These circles may or may not intercept each other, through the program that I am designing, I even obtain the distance matrix between each one, at first I thought that the best way to solve the problem was mathematically, but today I realized that it is a problem of mathematical complexity .
So looking on the internet I found that more people have had a similar problem and that it can be solved analytically.
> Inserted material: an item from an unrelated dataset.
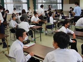 22日(木)、英語科研究授業公開(北部1upサークル)が行われました。県北の小・中学校や教育委員会の方々が與田指導教諭の授業を参観され、その後、研究会が行われました。3年1組の生徒は、多くの参観者にも動じることなく、伸び伸び、生き生きとした様子で授業にのぞんでいました。

It turns out that there are people who say that the problem could be solved if each point is plotted on a 2d plane, then a 400 meter Buffet is placed at each point, each circle is painted in one color and then the background in another color.
Finally, an algorithm is required that is capable of finding the area that is colored, suppose that what is inside each circle is yellow and the outside is green.
could you please help me with this
attached document excel file
1)Once I have plotted the figure, how do I put the 400 meter buffer at each point, I know the x, y coordinate of each point)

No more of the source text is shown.